Avevo quattordici-quindici anni e il mio insegnante di flauto a scuola era un improvvisatore free, Neil Metcalfe. Siamo diventati amici, io ero troppo piccola per andare ai concerti, ma lui è stato il mio primo contatto con questa scena. Poi ho cominciato ad entrare in questo ambito con il mio ex marito, pianista: oltre che con Neil ho lavorato molto con Steve Beresford, Evan Parker, Mark Sanders, John Butcher, David Toop, e sono stata guest con la London Improvisers Orchestra. Amo molto lavorare con un vocalist come Phil Minton. È una scena ricca con improvvisatori di talento.

Un recensore ha scritto che grazie all’intensità della sua interpretazione, ha fatto tremare le pietre della chiesa di Londra in cui ha presentato «Sweet Tooth»

Mio padre è morto cinque anni fa e pensavo a cosa avevamo in comune, per esempio amavamo lo zucchero. E ho cominciato a ragionare sulle varie implicazioni dello zucchero, a come può fare male alla salute, a come viene prodotto e, rispetto al passato, al fatto che era una merce molto costosa. Ma anche al costo umano necessario per fornire questo bene in paesi lontani dal luogo da cui lo zucchero proveniva. Ho lavorato con uno storico: mi affascinava come il sistema della schiavitù potesse stare in piedi ed era solo attraverso la paura e la disumanizzazione. Questo è stato il mio punto di partenza: il suono della paura. In Sweet Tooth registro l’esperienza di milioni di persone. La privazione della libertà, la tortura, le punizioni, la vendita all’asta, la lavorazione della canna per produrre lo zucchero, i momenti in cui gli schiavi potevano divertirsi e cantare, momenti in cui c’era anche qualcosa di sovversivo che poteva portare alla rivolta, che era la paranoia dei proprietari di piantagioni. C’è una sezione di Sweet Tooth che si intitola Names, in cui recito i nomi dati agli schiavi, e di ciascuno il sesso, il lavoro che dovevano fare, e quanto era il loro valore: e questa parte del lavoro è così impegnativa emotivamente, da fare, ma anche da ascoltare, perché come fai a dare un valore ad una persona, un valore monetario?

Il lavoro è stato presentato in luoghi non casuali…

La prima di Sweet Tooth è stata a Liverpool al Bluecoat, un centro d’arte che era una scuola costruita con i soldi dati dai ricchi proprietari di piantagioni. A Londra Sweet Tooth è stata presentata a St George’s, a Bloomsbury, una chiesa aperta nel settecento al culmine della tratta, che ebbe tra suoi benefattori ricchi schiavisti e che poi ha avuto un ruolo nel movimento abolizionista. In maggio invece è stata proposta al Museum of London Docklands, dove veniva immagazzinato lo zucchero proveniente dai Caraibi.
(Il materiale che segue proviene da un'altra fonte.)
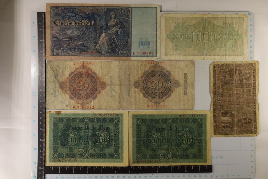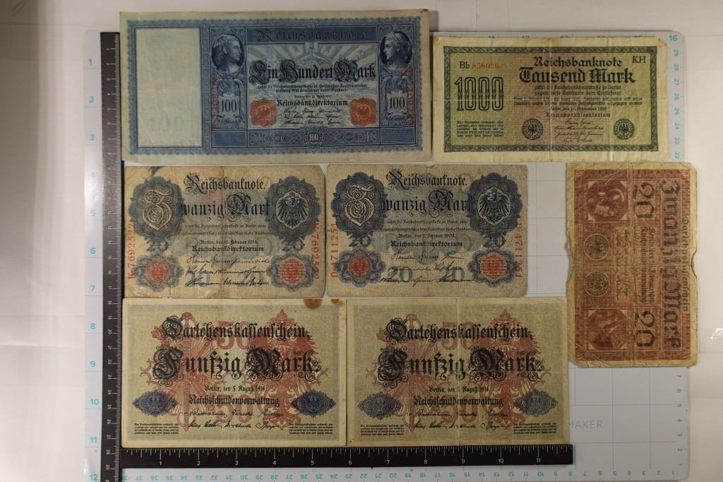 TWENTY MARK, 2-1914 FIFTY MARK, 1910 ONE HUNDRED MARK & 1922 ONE THOUSAND MARK

Sweet Tooth è un lavoro difficile da presentare, fisicamente difficile anche per i musicisti, Sylvia Hallett, Jason Yarde e Mark Sanders, che devono muoversi in scena. Per me è un lavoro non solo sulla schiavitù ma su noi oggi, perché gli esseri umani hanno una incredibile capacità di infliggere sofferenze:. Mi auguro ci spinga a porci delle domande su di noi, sul perché noi beneficiamo dello sfruttamento che avviene in altre parti del mondo.

Ascoltandola dal vivo con Alexander Hawkins era impossibile non pensare a Jeanne Lee…

Dovevo avere diciotto anni e Neil Metcalfe mi diede una cassetta dicendomi: penso che ti potrebbe piacere. Era Jeanne Lee con Ran Blake. Non è che non mi sia piaciuta ma non la capii, era chiamato jazz ma non lo era, suonava piuttosto come una cosa contemporanea, avantgarde, e la sua non era una voce così «jazz»: non era una voce brutta ma nemmeno «bella» in senso convenzionale. Una voce con un vibrato molto veloce, ma che non si estende. Non trovi in lei la normale cantante di jazz, non è Sarah Vaughan, non è Ella Fitzgerald, non è quel tipo di voce. Ma questo la rende più interessante. Ricordo di avere sentito la cassetta e poi di non averla più ascoltata per anni. Ma poi ci sono tornata. Lei amava Abbey Lincoln, c’è un suono come Abbey Lincoln, viene fuori da quella linea, ma è estremamente personale e muove la tecnica oltre, verso altre direzioni. E poi la danza, Fluxus, John Cage, la sound poetry: sono stata colpita dalla somiglianza degli interessi, non potevo credere che questa donna aveva fatto tanti anni fa queste cose che io sto cercando di fare adesso. Qualcuno ha detto che lei è la mia madre spirituale: io cerco di mantenere la mia individualità ma mi interessa questa linea. E riconosco che dentro di me è ben presente.